The AI Act came into force in the European Union on August 1, 2024. The regulations will now be implemented over a period of 36 months. The AI Act timetable at a glance.
AI regulation applies in stages over 36 months
The European Union (EU) has made considerable efforts in recent years to regulate the development and use of artificial intelligence (AI). A central element of these efforts is the so-called "AI Act". This act is intended to ensure that AI systems in the EU are safe and transparent and that the fundamental rights of citizens are protected. The AI Regulation is the world's first comprehensive set of rules for AI.
After the regulation was published in the Official Journal of the EU on July 12, 2024, it came into force 20 days later - on August 1, 2024. The applicability of the regulations is now staggered over a period of 36 months.
According to Art. 113 KI-VO, it applies from August 2, 2026.
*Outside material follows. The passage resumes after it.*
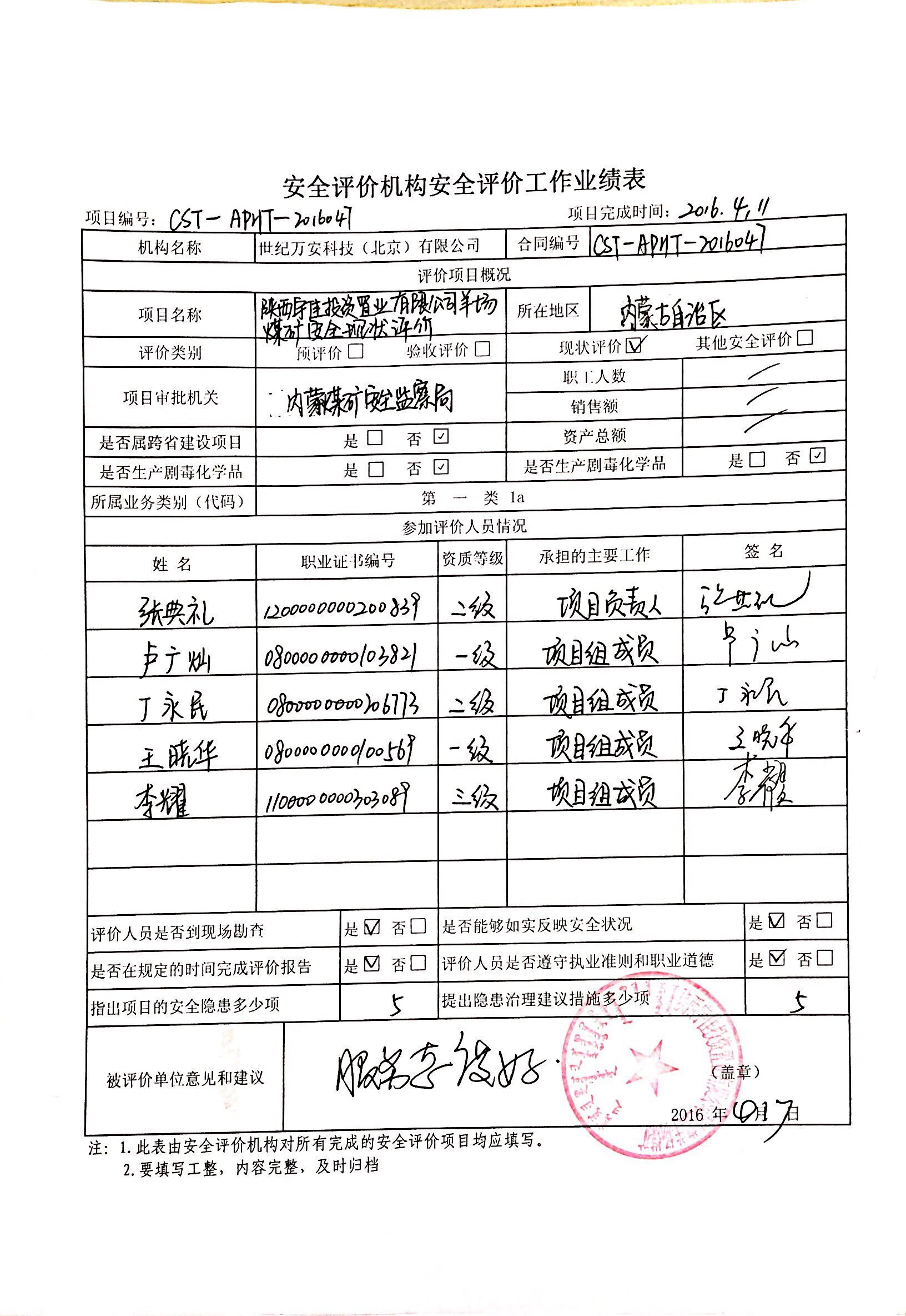 [2016年一季度]達拉特旗通瑞煤礦安全現(xiàn)狀評價報告_頁面_1

Link tip: Artificial Intelligence Act
6 months after entry into force: End for unauthorized AI systems
Chapters I and II of the AI Regulation will already apply from February 2, 2025. In particular, the bans on certain AI systems that are classified as particularly critical will apply from this date. These are AI systems that pose a clear risk to the fundamental rights of humans. According to the EU Commission, this applies, for example, to systems that enable authorities or companies to evaluate social behavior (social scoring).
Anyone who develops, operates or sells AI applications classified as critical must discontinue or withdraw them from the market from February 2, 2025.
12 months after entry into force: GPAI regulation and sanctions
From August 2, 2025, the following regulations will apply in accordance with Article 113 of the AI Regulation:
- Notified bodies (Chapter III, Section 4),
- GPAI models (Chapter V),
- Governance (Chapter VII),
- Confidentiality (Article 78),
- Sanctions (Articles 99 and 100)
This cut-off date is much more relevant for companies, as the rules for general purpose AI (GPAI) models will apply from this date. This also includes large language models (LLMs).
The AI Act obliges the providers of such models to disclose certain information to downstream system providers. According to the EU Commission, such transparency enables a better understanding of these models. Model providers must also have strategies in place to ensure that they comply with copyright law when training their models.
The EU Commission also assumes that general-purpose AI models trained with a total computing power of more than 10-25 FLOPs pose systemic risks. Providers of models with systemic risks are required to assess and mitigate risks, report serious security incidents, conduct state-of-the-art testing and model assessments and ensure the cybersecurity of their models.
Reading tip: AI Act passed! New rules for artificial intelligence in the EU
24 months after entry into force: Provisions of the AI Act apply - with one exception
According to Article 113, the AI Regulation applies from August 2, 2026, with the only exception of high-risk AI systems in accordance with Article 6(1).
From August 2026, the Regulation will therefore also cover high-risk AI systems in accordance with Annex III.
Annex III covers eight areas in which the use of AI can be particularly sensitive. It also contains specific use cases for each area. An AI system is classified as high-risk if it is to be used for one of these use cases.
According to the EU Commission, examples of this are
- AI systems that are used as safety components in certain critical infrastructures, e.g. in the areas of road traffic and water, gas, heat and electricity supply;
- AI systems used in education and training, e.g. to assess learning outcomes, manage the learning process and monitor cheating;
- AI systems used in employment and HR management and access to self-employment, e.g. for targeted job advertisements, for analyzing and filtering job applications and for evaluating applicants;
- AI systems used for access to essential private and public services and benefits (e.g. healthcare), for assessing the creditworthiness of natural persons and for risk assessment and pricing in connection with life and health insurance;
- AI systems used in law enforcement, migration and border control, where not yet prohibited, as well as in the administration of justice and democratic processes;
- AI systems used for biometric identification, biometric categorization and emotion recognition, unless prohibited.
Before providers a high-risk AI system on the market in the EU or otherwise put it into operation, they must submit it to a Conformity assessment undergo. This allows them to demonstrate that their system meets the mandatory requirements for trustworthy AI (e.g. data quality, documentation and traceability, transparency, human oversight, accuracy, cybersecurity and robustness). This assessment must be repeated if the system or its purpose is significantly changed.
36 months after entry into force: High-risk AI systems in accordance with Annex I
From August 2, 2027, Article 6 paragraph 1 and the corresponding obligations shall apply. This concerns high-risk AI systems in accordance with Annex I.
Accordingly, AI systems can also be classified as high-risk if the AI system is embedded as a safety component in products that fall under the existing product regulations (Annex I) or form such products themselves.
This could be AI-based medical software, for example.
Conclusion: Companies and other affected stakeholders should familiarize themselves with the requirements of the AI Act at an early stage and make the necessary adjustments in order to be compliant in good time. The staggered introduction gives some time to prepare, especially for more complex high-risk AI systems. Companies should have a precise overview of what data they use in their AI systems. This is particularly important in order to meet the accountability and documentation requirements of the AI Act. Failure to do so could result in severe penalties.